To continue working with Tg STAN, Rodrigues pretended he could speak French to land a role in “Les Antigones”, a production that premiered in 2001 in Toulouse, France. “I said in English that my French was great, and they never doubted me,” he said.
His now quintessential French will no doubt improve when he moves to Avignon in southern France full time this winter. In Lisbon, Rodrigues leaves behind a rejuvenated Teatro Nacional – Portugal’s “symbolic temple of theatre,” as he calls it.
“When I came to 2015, it was considered a little old-fashioned,” Rodrigues said. “Sometimes this did not allow the great work being done here to be regarded as great work.”
Under his leadership, the theater introduced outreach programs aimed at residents of central Lisbon who had never been to the Teatro Nacional. The resident ensemble, due to funding cuts at the time for only a handful of actors, was supplemented by younger actors on fixed contracts.
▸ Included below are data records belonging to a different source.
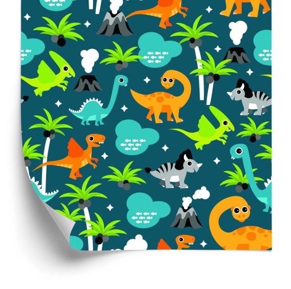 Tapeta Dla Chłopca Kolorowe Zwierzęta Palmy Wulkan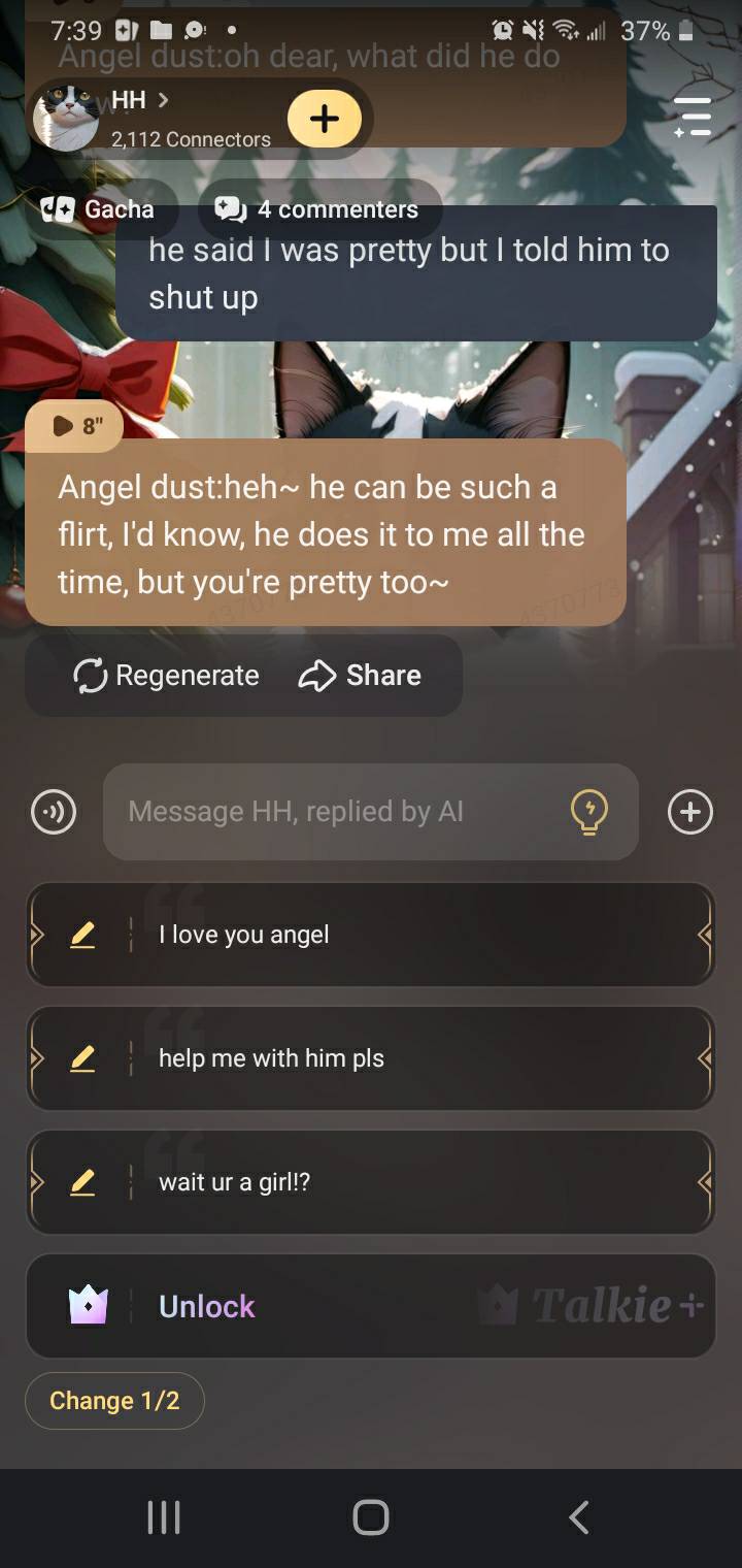 Valentino:*holding u while petting u and walking into the hotel* Charlie:*notices*U better stay away from Angel!! Vaggie:*points her spear at him*WHAT Do U WANT! Everyone:*doing something*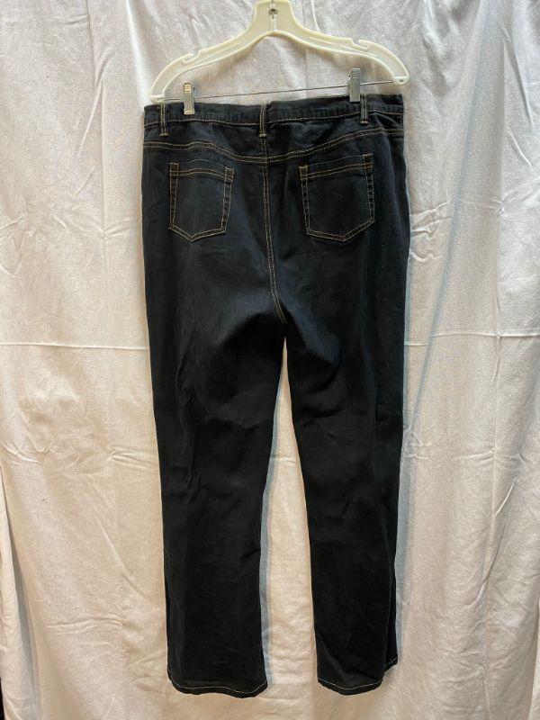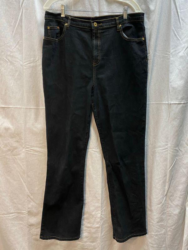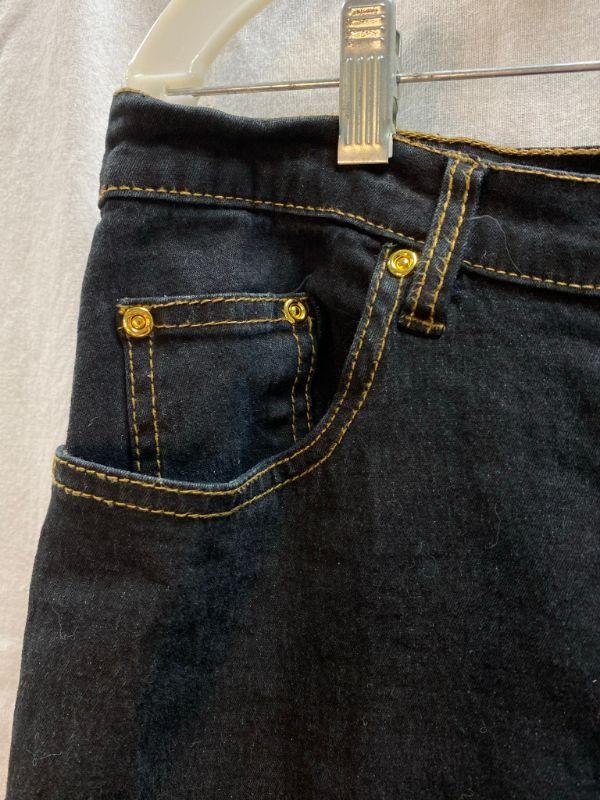Diane Gilman DG2 Jeans. Dark blue rinse with gold stitching. Look to be boot cut possibly. Size 16T. Good condition. Seem to have some stretch for comfort.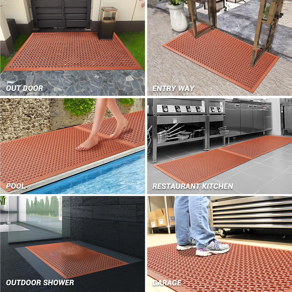 Outside Door Mat,We use the good quality material ,Made of high-grade, eco-friendly rubber, sustainable and durable Anti fatigue floor mat,The holes and perforated design of this all purpose entrance doormat traps dirt, preventing it from spreading. Simply hose the mat with water to clean up any dirt or grease Rubber Floor Mat, Reduce the amount of slippery liquids and oils left on the floor.Grease and water-resistant rubber help keep the entrance mat in place, especially when used in high-traffic areas Indoor Outdoor Rubber Mat, Ideal for uses in bar, kitchen, restaurant, outdoor, boat, as well as warehouse or other industrial areas where moisture and heavy foot traffic are a problem Non slip mat, Help to prevent dangerous accidents, size: 60" x 36" x 0.4", Spend most economical money buy this best floor mat, you will never regret for your choice when you got our mat. Providing premium quality products for your home and office without the heavy price tag charged by many of our competitors.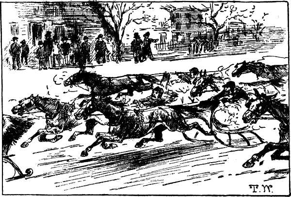 And so, with any amount of good-natured chaffing from the drivers of the "fast uns," and from many that lined the roads, too,—for the day gave greater liberty than usual to bantering speech,—the speedy ones paced slowly up to the head of the street with Old Jack shambling demurely in the midst of them.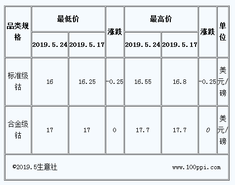 根據(jù)生意社數(shù)據(jù)監(jiān)測顯示:本周國內(nèi)鈷市繼續(xù)下跌,鈷價(jià)震蕩下跌,總體鈷價(jià)無力反彈上漲。截至5月24日鈷價(jià)245000.00元/噸,較上周末5月19日鈷價(jià)251833.33元/噸下跌,跌幅2.71%。國際鈷價(jià)下跌,拖累國內(nèi)鈷市,國內(nèi)鈷價(jià)再次震蕩下跌。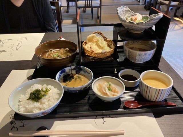 併設のカフェに寄る予定でしたので、ランチAにしました。出てきたお料理はお造り、天ぷら、小鉢、酢の物、ご飯に選べるうどんで、かけうどんとキノコのうどんがあったのでキノコのうどんにしました。どの料理も美味しくて豪華でした。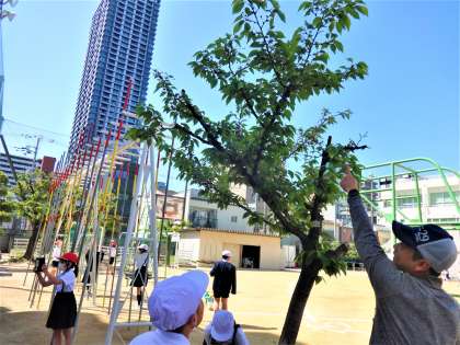 春の陽光の中、4年生は運動場で春の生き物観察をしていました。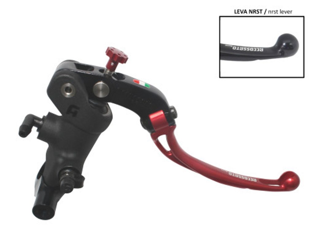 Accossato Radial Brake Master Cylinder For Motorcycles with 25,4mm diameter handlebarIn Forged Aluminium Black Anodyzing 19 x 19. The lever is colourf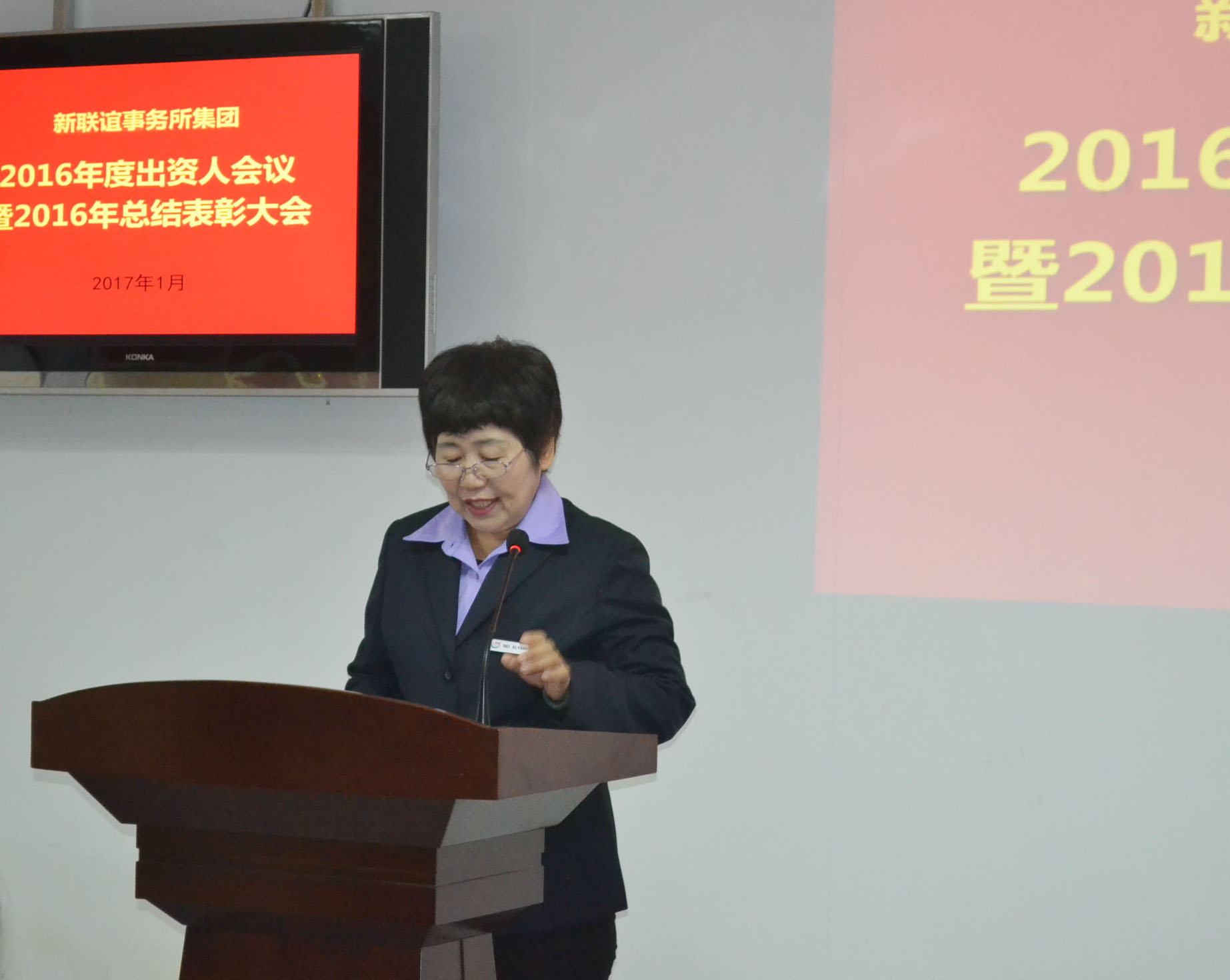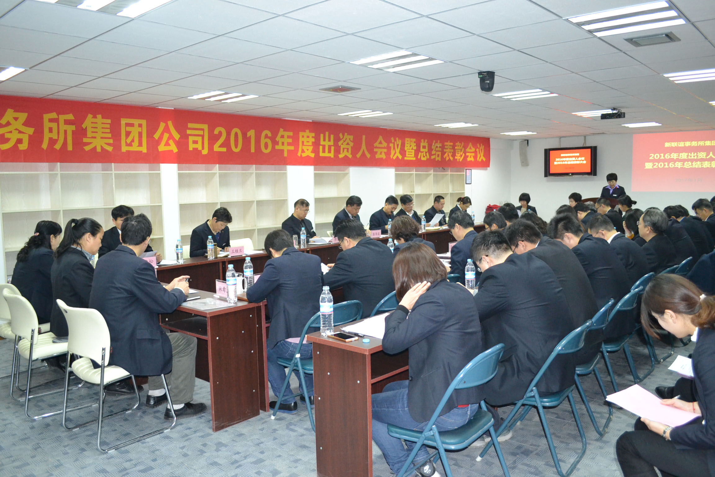 2017年1月23日上午,新聯(lián)誼事務(wù)所集團公司召開2016年出資人會議暨總結(jié)表彰會議。主會場設(shè)在視頻會議室,25名股東出席會議,34名年度獲獎員工列席會議。集團公司其他員工在十六個分會場觀席會議。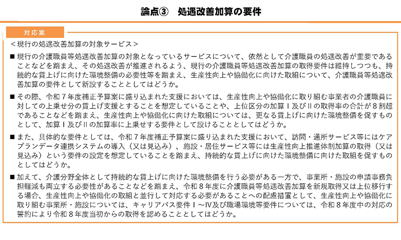 処遇改善加算の要件(論点③)について厚労省は「令和7年度補正予算案に盛り込まれた支援においては、生産性向上や協働化に取り組む事業者の介護職員に対して賃上げ支援を上乗せすることを想定」との考え方を示した。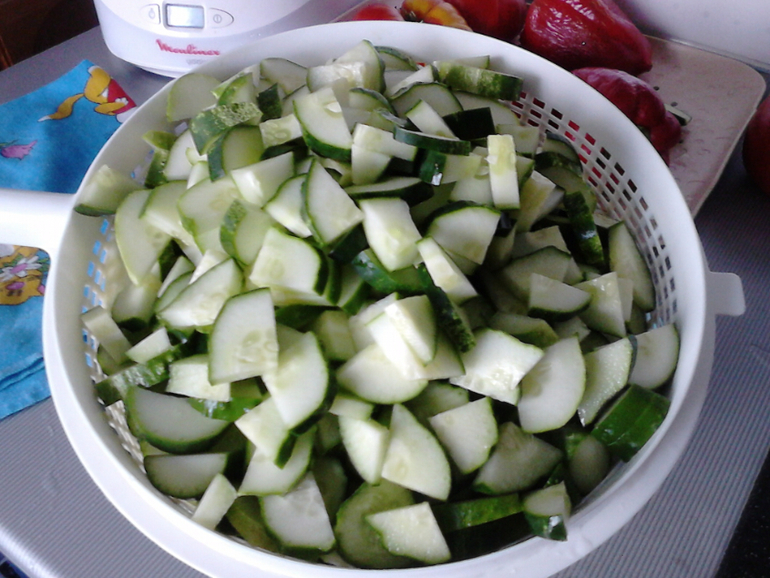 5 кг огурцов - нарезать кружочками, если крупные - сегментами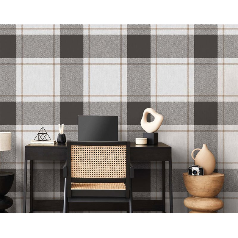 Der tapete cuadros beige suave Top Stripes 38411 von Cristiana Masi präsentiert elegante Schottenkaro in warmen Tönen für eine zeitlose Dekoration.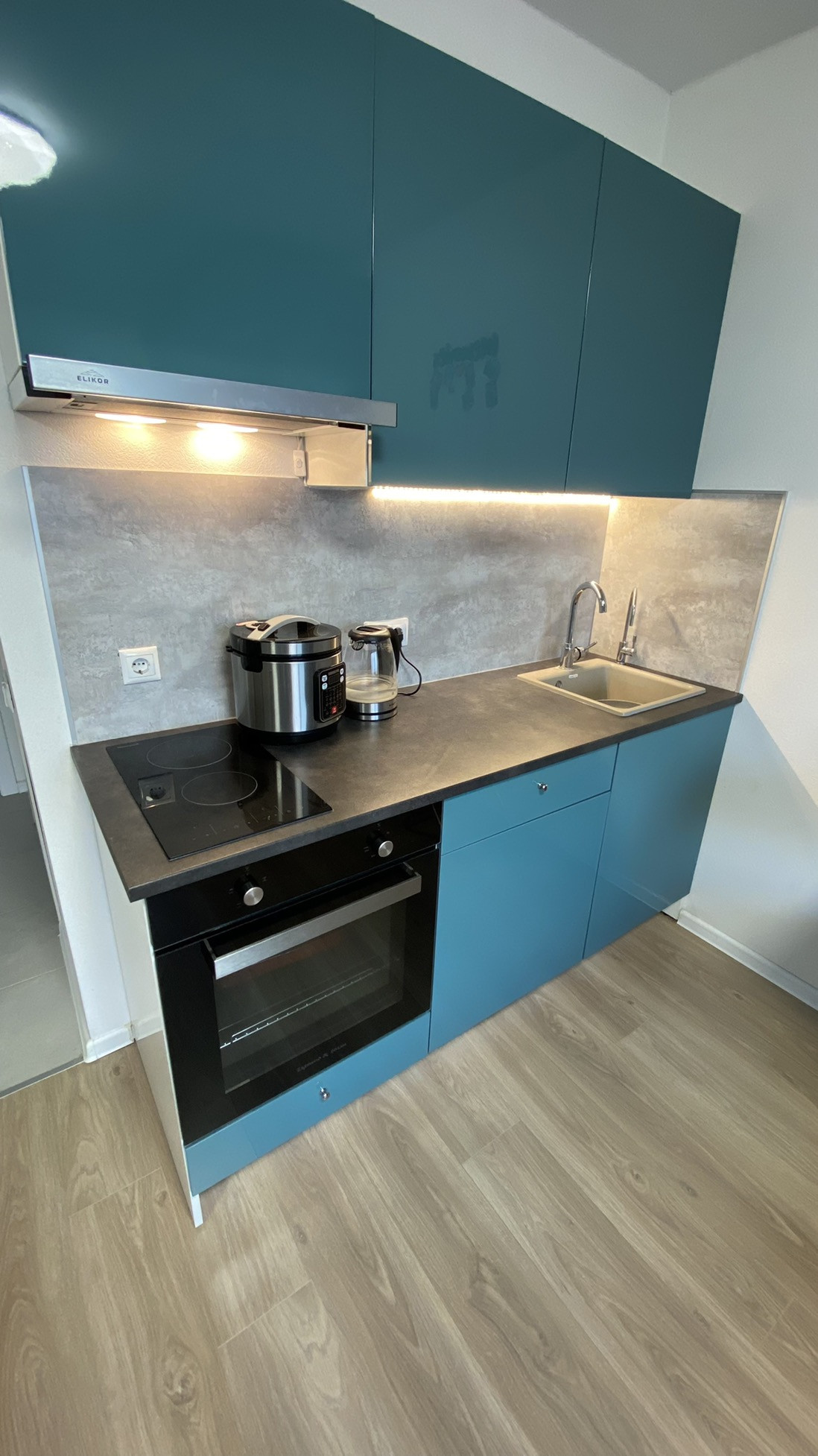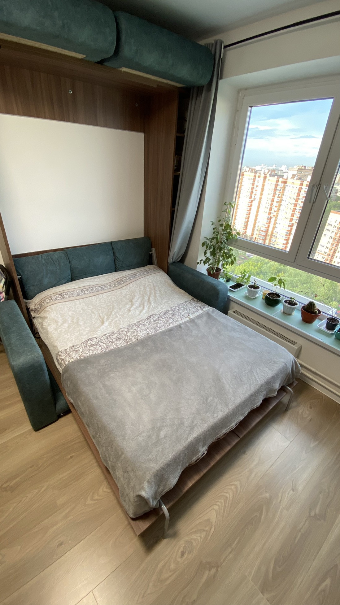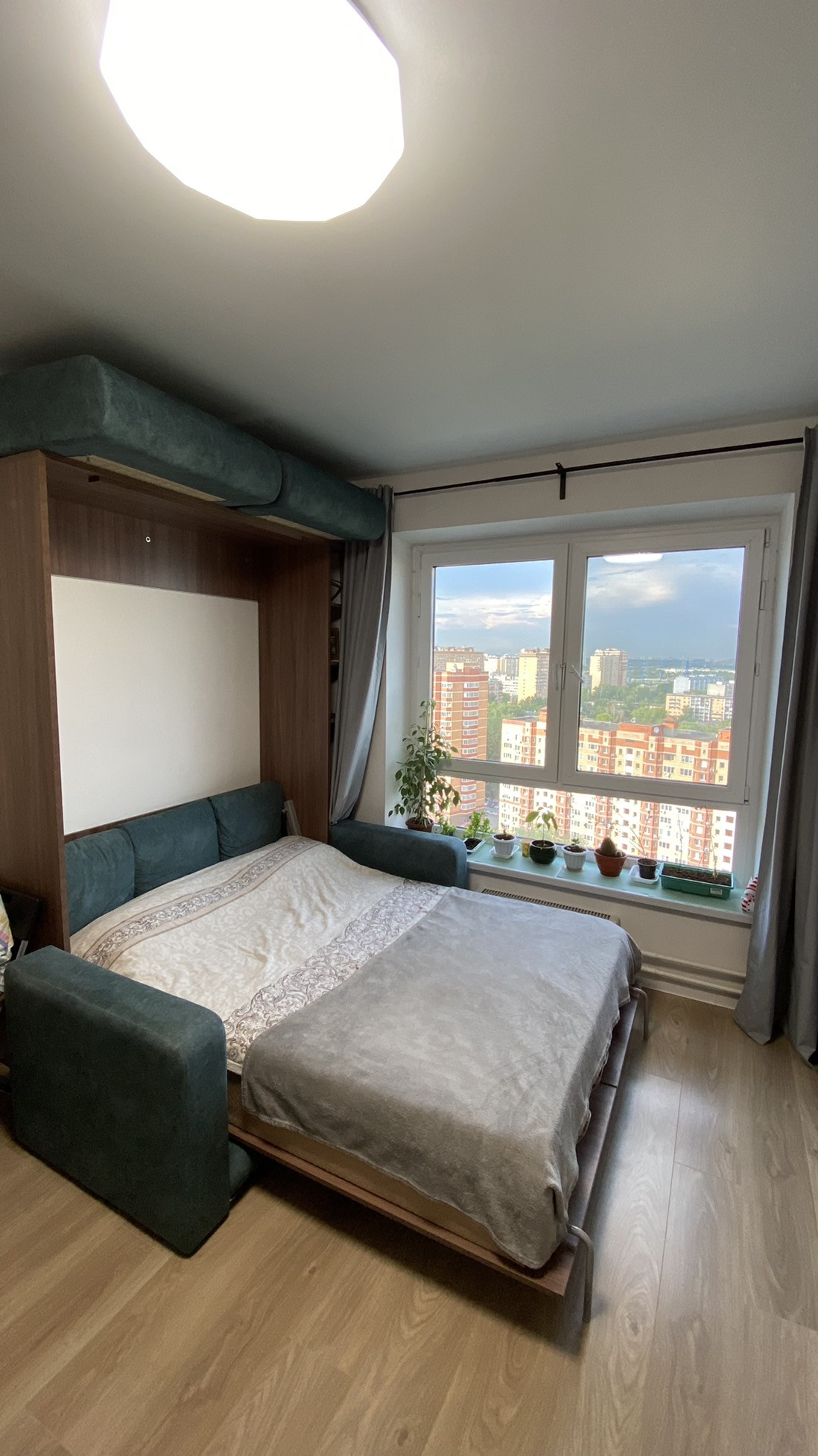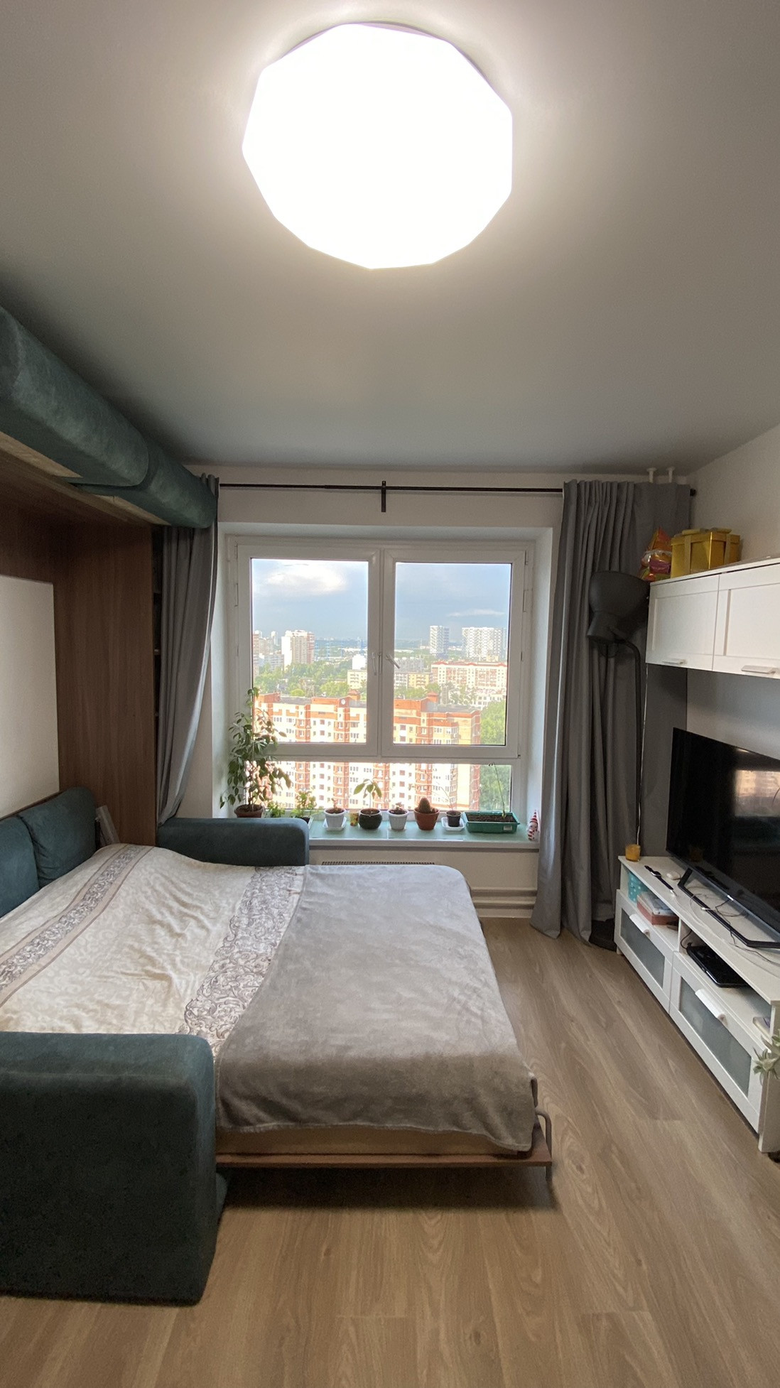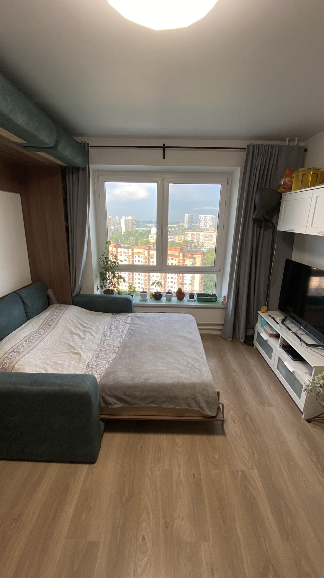Кухня, духовка, варочная панель, холодильник, кондиционер, откидные окна, москитная сетка, диван-кровать трансформер с полноценным матрасом аскона и многое другое.

Rodrigues also honored the theater’s long-serving staff members, bringing new blood. “Sopro,” a work he created in 2017, draws on nearly four decades of backstage anecdotes from the theater’s prompter, Christina Vidal. She narrates her stories to the actors on stage, who convey them to the audience.
“He took a sleeping beauty, and woke her up,” said the Horde of Rodrigues’ tenure in Lisbon.
The Avignon Festival – in another country and language – will present new challenges, but Rodrigues said he would apply the same convictions there. He added that it could also mean “to do less” than the current, gigantic event.
The sheer scale of the job may mean that he will have to do even less: Avignon will most likely keep Rodrigues too busy for several stage performances of his own. “As I started directing and writing more and more, I understood that acting was the hardest thing for me,” Rodrigues said. “I’m tired of it.”
Yet eight years after “By Heart” premiered, he said he was not tired of sharing Shakespeare’s sonnets around the world. “Every performance, 10 new people come on stage,” Rodrigues said. “And it’s a whole new adventure.”